What is being asked — Write out again, word for word, the lines below from the line that holds "Os quadros de" through the line that holds "Handmade Self-tie bow", omitting pictures.

[Saved data entries]
══════
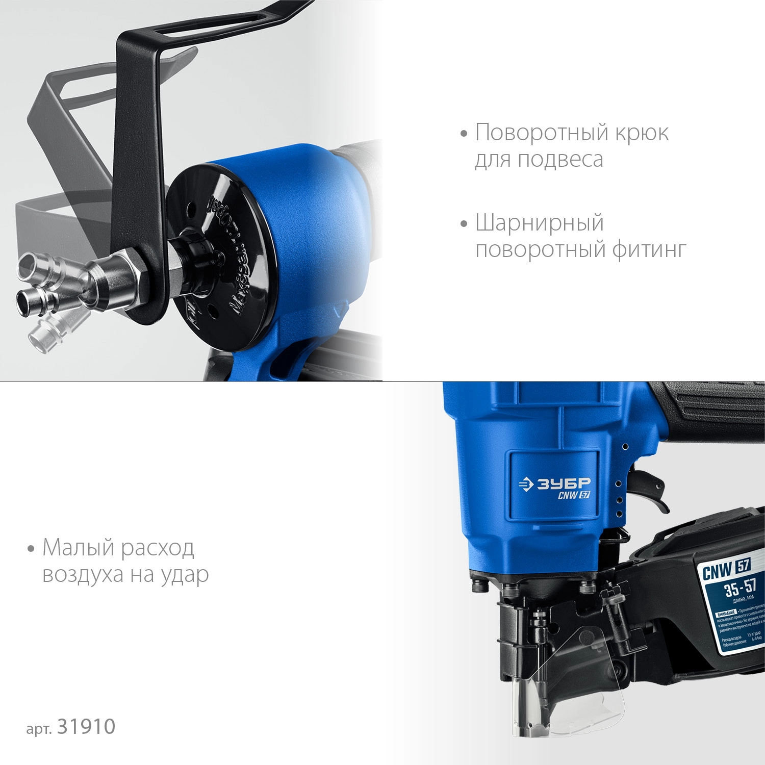 ПроизводителиНейлер (гвоздезабиватель) пневм., для барабанных гвоздей CNW (35-57 мм)(31910) ЗУБР
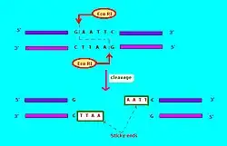 Las enzimas de restricción son endonucleasas provenientes de eubacterias y arqueas que reconocen secuencias de ADN muy específicas.[2] La secuencia de nucleótidos reconocida para escisión por una enzima de restricción se denomina sitio de restricción. Típicamente un sitio de restricción es una secuencia palindrómica de entre cuatro a seis nucleótidos de extensión. La mayor parte de las endonucleasas de restricción escinden a la molécula de ADN bicatenario en forma desigual, dejando extremos complementarios de cadena simple. Estos extremos pueden luego reconectarse a través de un proceso de hibridación, por lo que son denominados "extremos adhesivos". Una vez apareados, los enlaces fosfodiéster de los fragmentos pueden ser unidos por medio de una ADN ligasa.
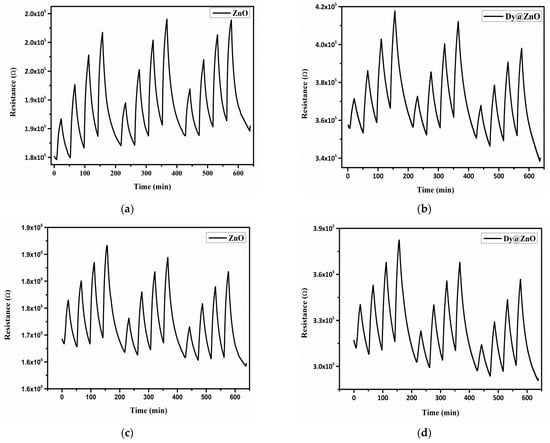 Sensor resistance when detecting NO2 at 150 °C with pure (a) and Dy-doped ZnO (b) in dry conditions. The experiments were repeated under a humid atmosphere for pure (c) and Dy-doped ZnO (d) thin films.
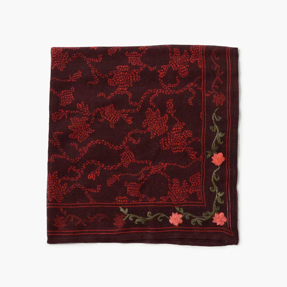 A 100% viscose bandana scarf featuring a kantha floral print and embroidered details along the edge.
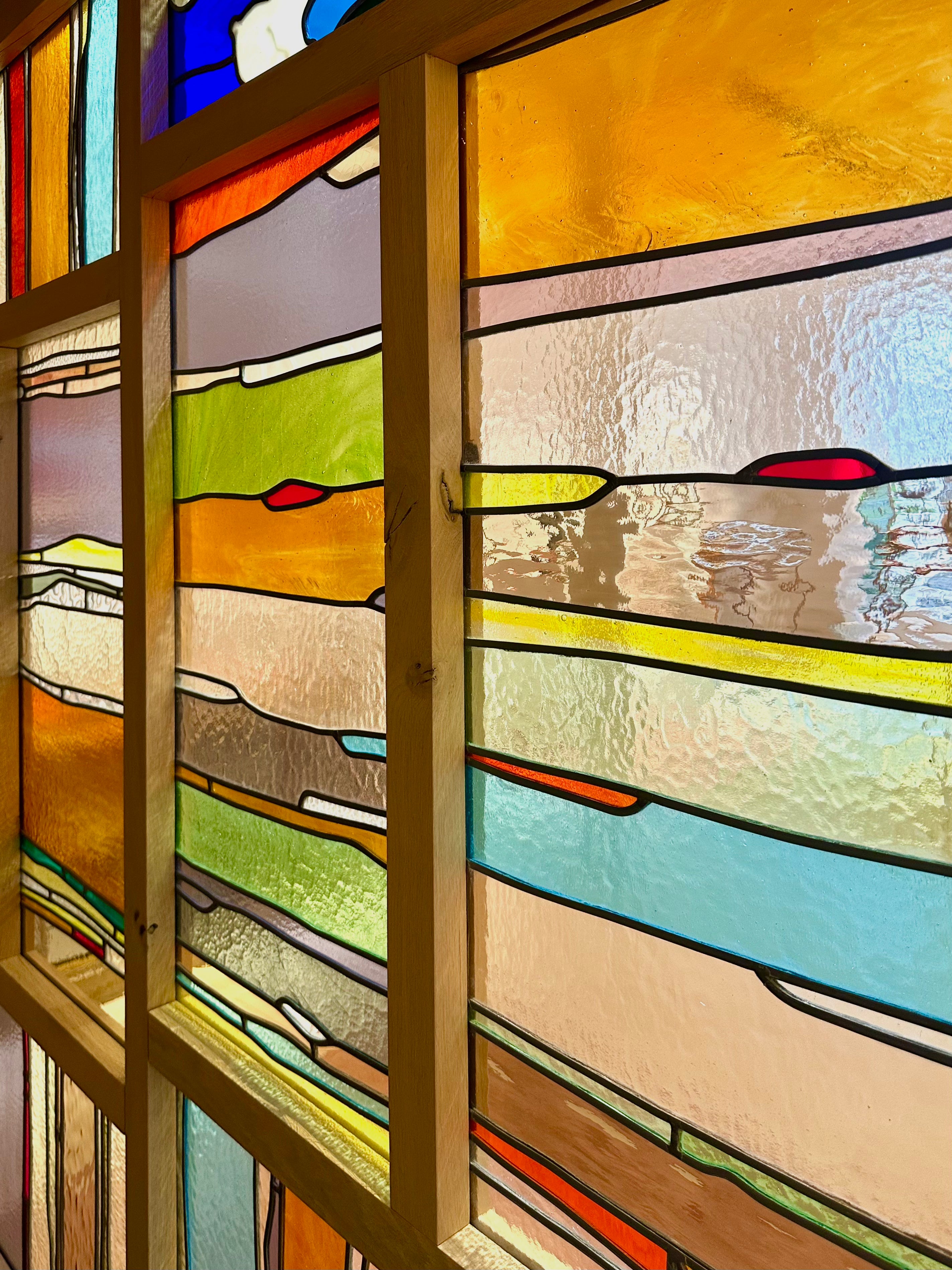 Le vitrail, créé par l'Atelier ST et ses artisans verriers talentueux, suit le dessin de Shinsuke. Ce mur de vitrail de 4m2 est composé de verre coloré provenant des chutes des artistes et de la verrerie de Saint Just. À l'intérieur de la maison de thé mobile se trouvent deux tatamis, une douce lumière sous un vitrail et un élégant tronc d'arbre. L'ambiance apaisante et colorée qui filtre à travers les vitraux crée un lieu propice à la méditation et à la détente.
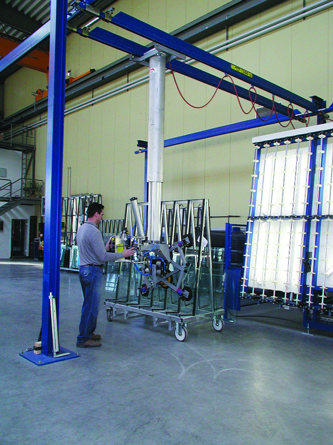 Os quadros de ventosas movimentam peças ou chapas inteiras de vidro. Com ajuda de motores, o movimento de inércia é retirado, sendo possível mover, sem esforço, uma chapa de 500kg
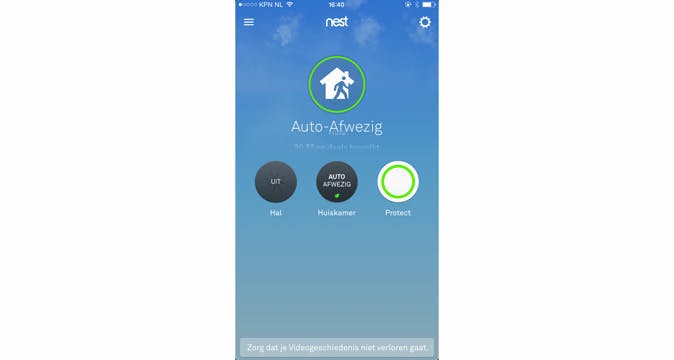 Je kunt de camera altijd aan laten staan, maar mogelijk vind je het geen prettig idee om gefilmd te worden terwijl je thuis bent. Als je een abonnement hebt, wordt alles wat de camera ziet bovendien ook nog opgeslagen. Via de app kun je de camera in- en uitschakelen. Het is gelukkig ook mogelijk om de camera automatisch uit te schakelen als je thuis bent en automatisch in te schakelen als je weg gaat. Dit kun je snel via het hoofdscherm van de app doen. Helemaal automatisch kan dit niet en dat is vreemd. Gebruik je een ook een Nest-thermostaat, dan kan de thermostaat je huis ook automatisch op afwezig zetten. Dit heet in de app Auto-Afwezig. De Nest Cam schakelt echter niet mee met deze stand en sprint dus niet aan op Auto-Afwezig. Heb je een Nest Thermostaat en schaf je ook een Nest Cam aan, zet dan handmatig je huis op Afwezig. Behalve op status, kun je de camera ook aan en uit zetten op basis van een zelfgekozen tijdschema.
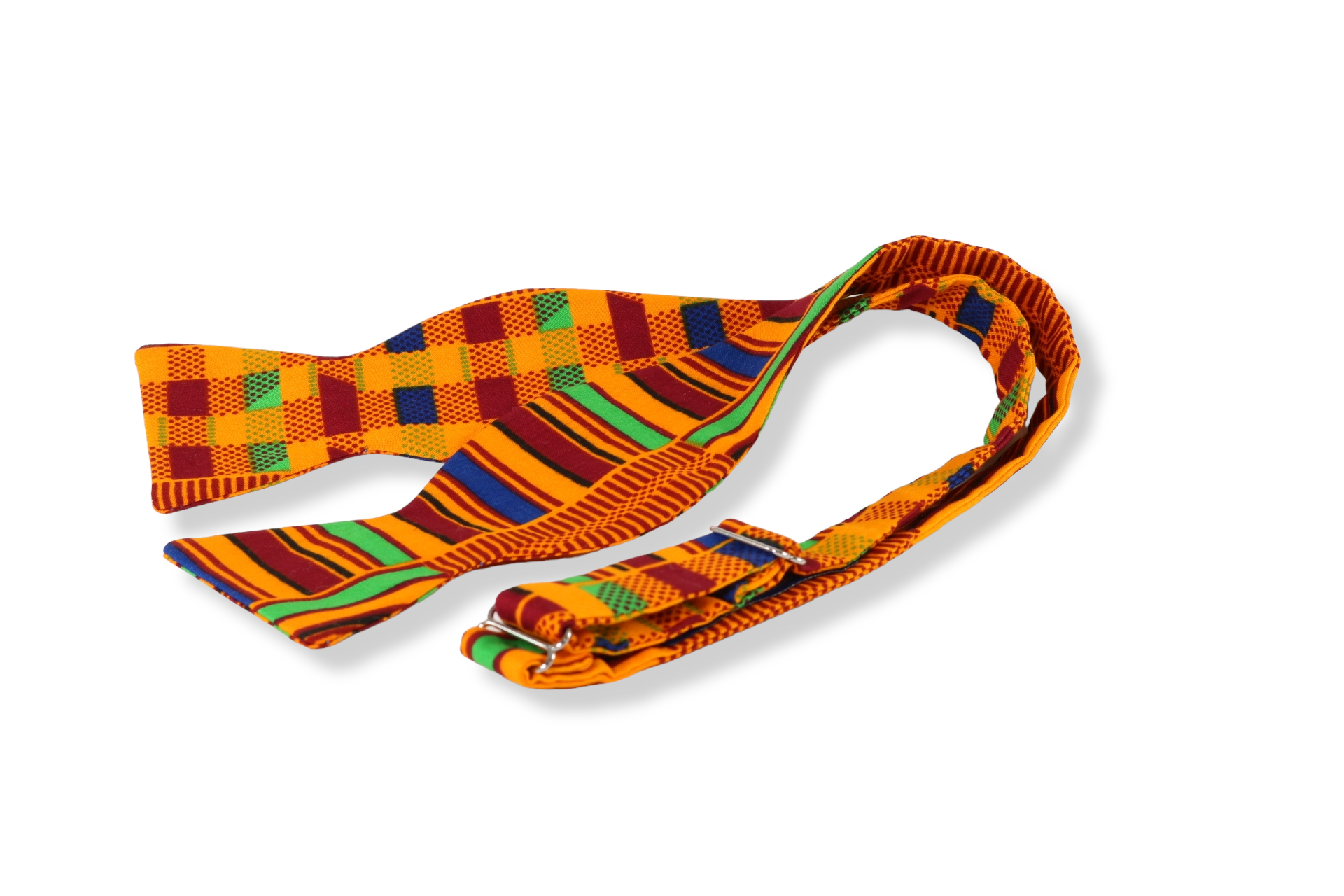 Handmade Self-tie bow tie with traditional African Print adds splashes of colors to a gentleman's outfit. The vibrant colors of this handmade bow tie features yellow, green, burgundy and blue makes any outfit standout.
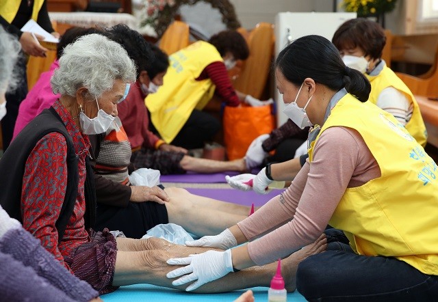 | ▲ 강진군, 지난 26일 칠량면 반계·장포마을 주민 대상 73번째 군민행복 희망나눔 사업 발 맞사지 봉사 활동 / 사진=강진군 제공 |
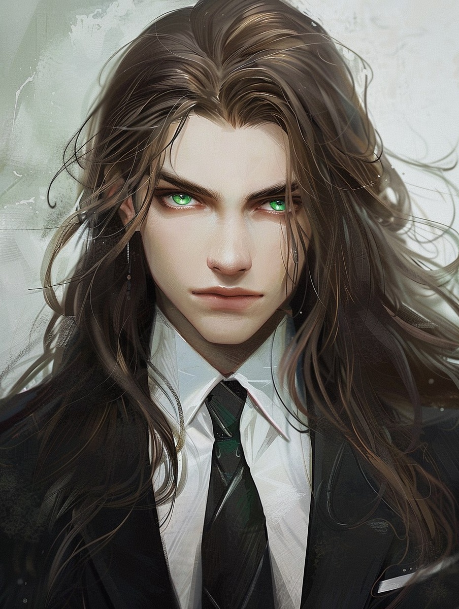 Создано на основе запроса: anime-style portrait of a striking young man with long wavy dark brown hair, intense mint green eyes with subtle glow, fair smooth skin, wearing a crisp black suit and tie with a white shirt, confident and mysterious expression, high-resolution digital painting, clean light background, realistic anime illustration style --- Автоперевод: Портрет аниме-стиля поразительного молодого человека с длинными волнистыми темно-коричневыми волосами, интенсивными зелеными мяты с тонким сиянием, честной гладкой кожей, хрустящим черным костюмом и галстуком с белой рубашкой, уверенным и таинственным выражением, цифровой живописью с высоким разрешением, чистым световым фоном, реалистичным стилем аниме-иллюстрации иллюстрации. Необычно выглядит? 🤔 https://dzen.ru/id/65c0c65c86e4f837c27b24d7 #ИИ #AI #нейросеть #midjourney #art
══════
Written reply —
 Os quadros de ventosas movimentam peças ou chapas inteiras de vidro. Com ajuda de motores, o movimento de inércia é retirado, sendo possível mover, sem esforço, uma chapa de 500kg
 Je kunt de camera altijd aan laten staan, maar mogelijk vind je het geen prettig idee om gefilmd te worden terwijl je thuis bent. Als je een abonnement hebt, wordt alles wat de camera ziet bovendien ook nog opgeslagen. Via de app kun je de camera in- en uitschakelen. Het is gelukkig ook mogelijk om de camera automatisch uit te schakelen als je thuis bent en automatisch in te schakelen als je weg gaat. Dit kun je snel via het hoofdscherm van de app doen. Helemaal automatisch kan dit niet en dat is vreemd. Gebruik je een ook een Nest-thermostaat, dan kan de thermostaat je huis ook automatisch op afwezig zetten. Dit heet in de app Auto-Afwezig. De Nest Cam schakelt echter niet mee met deze stand en sprint dus niet aan op Auto-Afwezig. Heb je een Nest Thermostaat en schaf je ook een Nest Cam aan, zet dan handmatig je huis op Afwezig. Behalve op status, kun je de camera ook aan en uit zetten op basis van een zelfgekozen tijdschema.
 Handmade Self-tie bow tie with traditional African Print adds splashes of colors to a gentleman's outfit. The vibrant colors of this handmade bow tie features yellow, green, burgundy and blue makes any outfit standout.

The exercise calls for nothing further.